■ Task goal ■
In the listing that follows, find the line with "Doblar la cinta", then copy exactly from it through the line with "米飯、牛乳、鶏肉の更紗揚げ、キャベツと小松菜のおひたし、豆腐とワカメの味噌汁", leaving out every picture.

■ Supplied data ■
#####

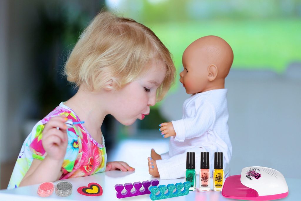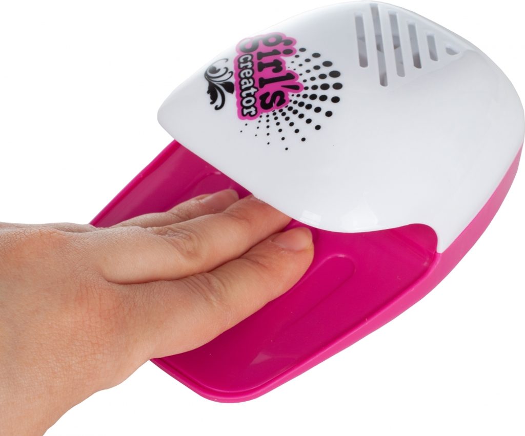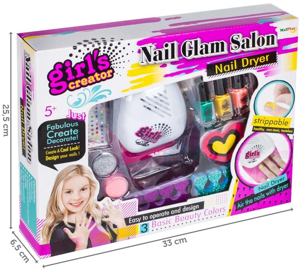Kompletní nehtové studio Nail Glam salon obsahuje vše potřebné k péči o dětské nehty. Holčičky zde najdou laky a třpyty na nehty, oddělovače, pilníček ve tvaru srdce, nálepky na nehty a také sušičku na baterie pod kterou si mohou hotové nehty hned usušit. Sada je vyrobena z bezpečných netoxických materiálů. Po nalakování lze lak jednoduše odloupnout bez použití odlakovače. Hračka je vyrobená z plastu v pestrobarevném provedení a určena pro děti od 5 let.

#####

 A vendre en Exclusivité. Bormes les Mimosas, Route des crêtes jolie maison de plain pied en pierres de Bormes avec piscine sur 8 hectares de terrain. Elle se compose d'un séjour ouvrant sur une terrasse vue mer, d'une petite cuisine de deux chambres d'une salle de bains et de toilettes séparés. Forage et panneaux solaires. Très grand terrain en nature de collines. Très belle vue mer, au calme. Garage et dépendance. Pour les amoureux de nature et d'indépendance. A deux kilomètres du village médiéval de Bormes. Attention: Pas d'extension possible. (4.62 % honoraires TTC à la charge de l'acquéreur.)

#####

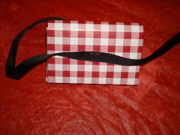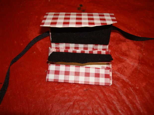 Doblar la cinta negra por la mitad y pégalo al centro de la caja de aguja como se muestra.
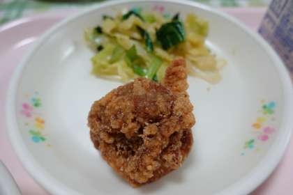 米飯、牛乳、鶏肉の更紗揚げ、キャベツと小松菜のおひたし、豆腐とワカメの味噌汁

#####

■ Solution to the exercise ■
 Doblar la cinta negra por la mitad y pégalo al centro de la caja de aguja como se muestra.
 米飯、牛乳、鶏肉の更紗揚げ、キャベツと小松菜のおひたし、豆腐とワカメの味噌汁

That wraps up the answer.